Tech Talk #62 – The Truth Isn’t What It Used to Be

DavidTechArticlesBy David Reher, Reher-Morrison Racing Engines

“If you want to move forward, you have to look where you’ve been.”

In the 11th century, it was a fact that the world was flat. Any medieval scholar, astronomer or captain could affirm the self-evident truth that the Earth was the center of the universe and that anyone who ventured too close to the edge would fall off into the abyss. It wasn’t until centuries later that skeptics like Copernicus, Galileo and Columbus reasoned that our world was actually a tiny globe orbiting a distant star. Reality hadn’t changed, but people’s perceptions did.

Racing has its share of flat earth “facts” that are later revealed as fictions. For example, when I started racing, it was an unassailable fact that the small-block Chevy’s stud-mounted rocker arms were the ultimate high-rpm valvetrain; now, of course, shaft-mounted rockers are nearly universal. It was an indisputable fact that cylinder head ports should be polished like a mirror; today we prize the machining marks left by CNC cutters as aids to atomizing fuel. We once knew that lightweight pushrods and flyweight lifters were essential for a high-speed engine; now these components are as stout and as stiff as Roman columns. The physics of racing engines haven’t changed, but collectively we have revised the “facts” to fit our new view of reality.

History teaches us that technology is constantly in a state of flux. Some of the mistaken beliefs that we regarded as gospel 20 years ago weren’t foolish – they simply fit with what we knew at the time. Our flexible pushrods worked fine because we didn’t have the stiff valve springs that are available today. They helped to suppress some of the nastier valvetrain dynamics that harsh cam profiles produced. They were cheap, readily available, and offered plenty of clearance for port walls. Consequently it was obvious that lightweight pushrods made a race car run faster.

I’m sure that many of the facts about racing engines that we ardently believe today will eventually be proven to be as wrong-headed as the notion that the world was flat. The people who are willing to question conventional wisdom often become the innovators who expand the performance envelope. After all, if drag racers had believed the pundits who proclaimed that the maximum achievable speed in a quarter-mile was 160 mph, we wouldn’t have 330 mph Top Fuel dragsters and 208 mph Pro Stocks.

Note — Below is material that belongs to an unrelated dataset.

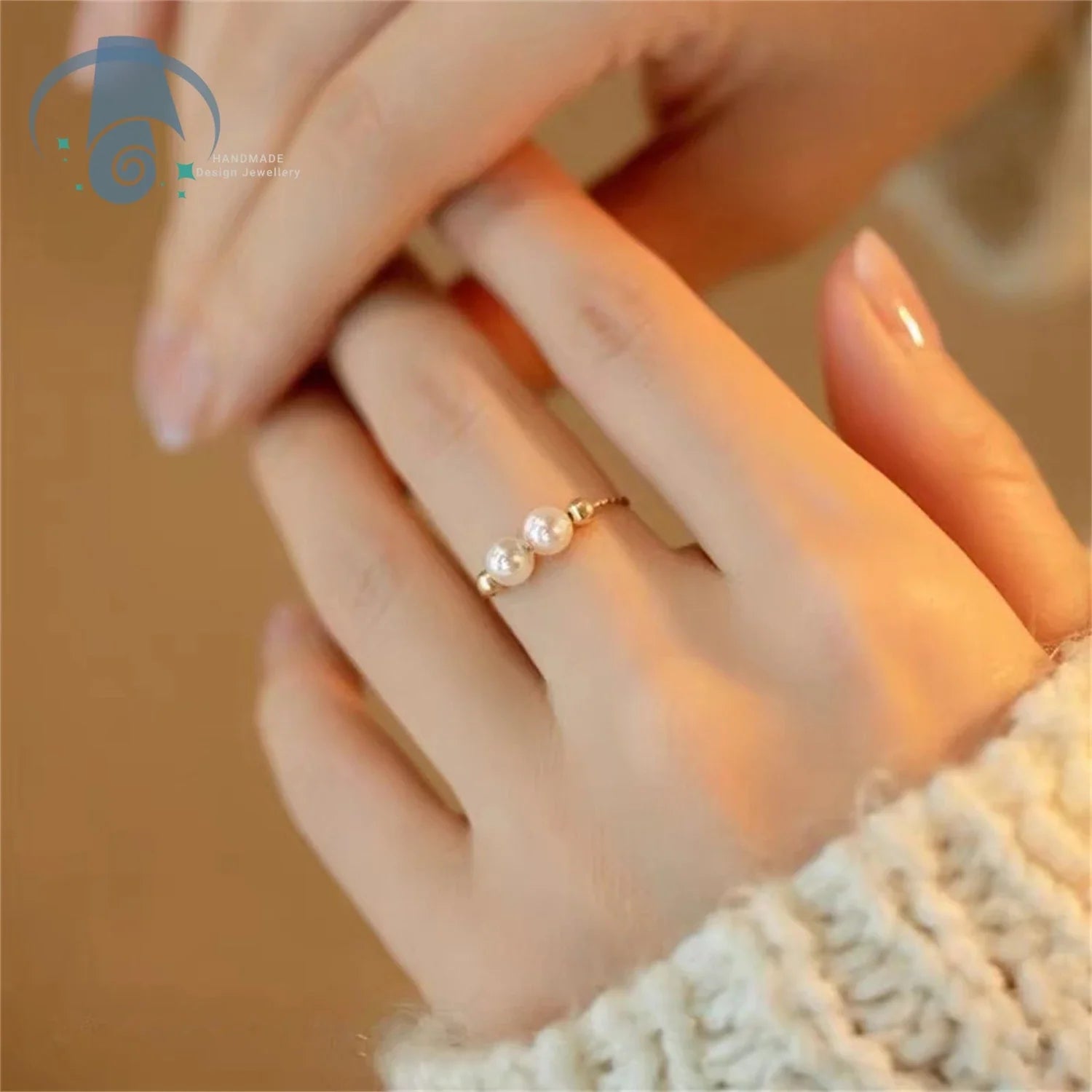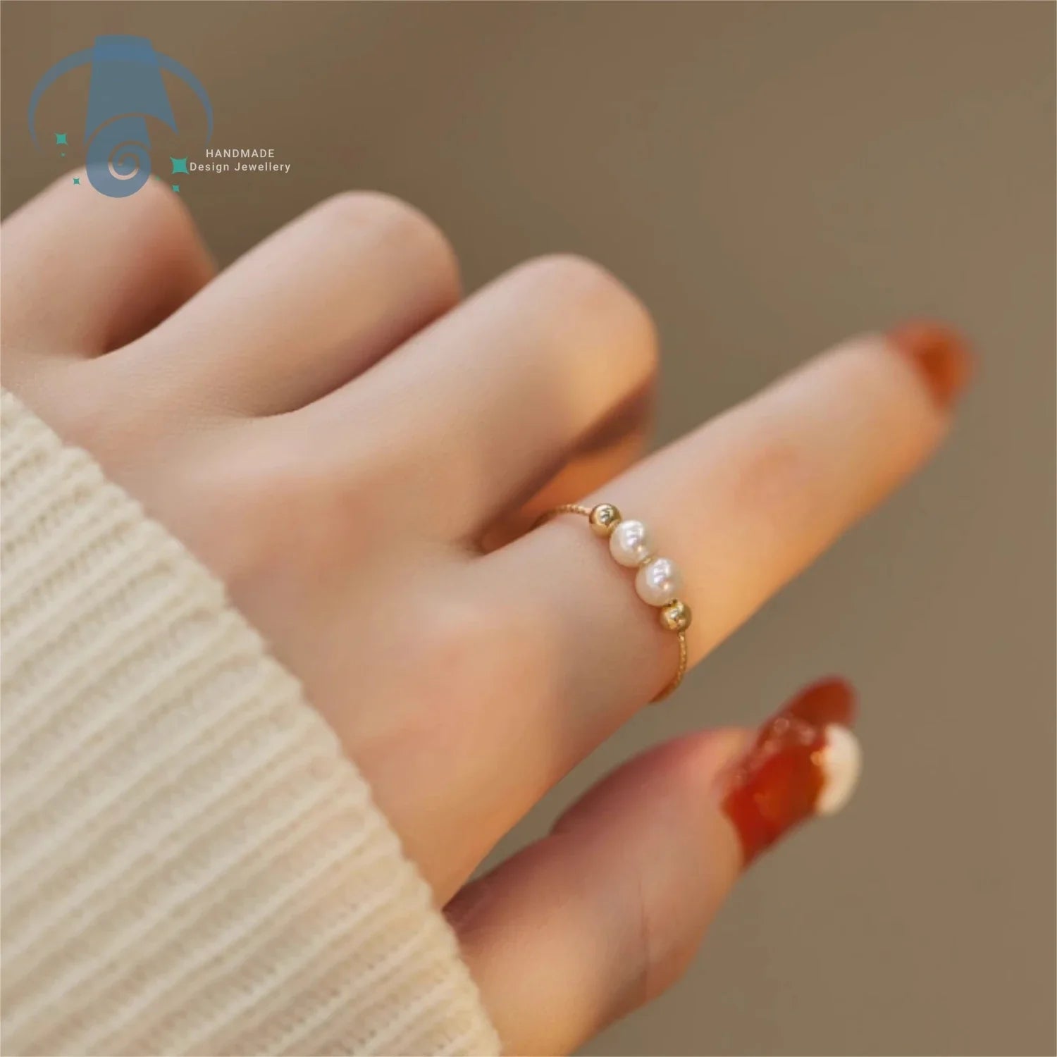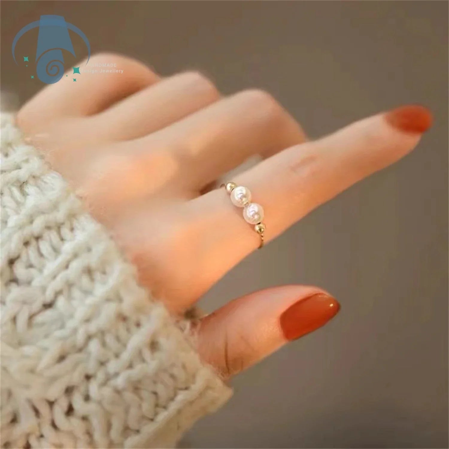 Elegant Minimalist Pearl Ring for Women Adjustable Open Band Simple Dainty Pinky Ring Luxury Trendy Stackable Jewelry Gift Idea

If engine builders had subscribed to the rule that an engine couldn’t survive with an average piston speed over 4000 feet per second, we wouldn’t have 500 cubic inch engines that are capable of running at nearly 10,000 rpm.

The past is a mirror that reflects the future – if you want to move forward, you often need to look where you’ve been. Ten years ago, if you had asked me where we would find gains in engine performance, I’d probably have answered that we’d just about reached the end of the road in development. And yet in the last decade, engine builders have made tremendous strides in performance, efficiency and reliability.

Using Pro Stock as an example, the national speed record has climbed from 199 to 208 mph in 10 years. Given that Pro Stock engines are among the most refined powerplants in racing, a nine-mph increase is an incredible achievement. Neither the rules nor the basic hardware has changed, so that improvement is the result of hundreds of small, incremental steps.

Consider the advances in valvetrain technology, which is just one area of development. The valve springs that were the hot setup a decade ago wouldn’t survive a minute with today’s high-lift camshaft profiles. Similarly, we couldn’t lift the valves an inch off their seats without the high-tech springs that are now available. It’s a continuous, self-propelled cycle: Better springs enable more aggressive cams, which in turn spur the development of better springs . . .

Technology is the fuel that drives development. The advent of coatings such as DLC (diamond-like carbon) and Casidium has permitted engine builders to do things that were once thought to be impossible. The wear resistance of these coatings has allowed valve seat angles in high-end cylinder heads to become steeper without sticking the valves and reduced wrist pin galling with ultra-efficient dry-sump and crankcase vacuum systems.

What’s the next step in engine development? I wish I could tell you. But I’m certain that 10 years from now, we’ll look back at the state of the art in 2006 and ask, “What were we thinking?”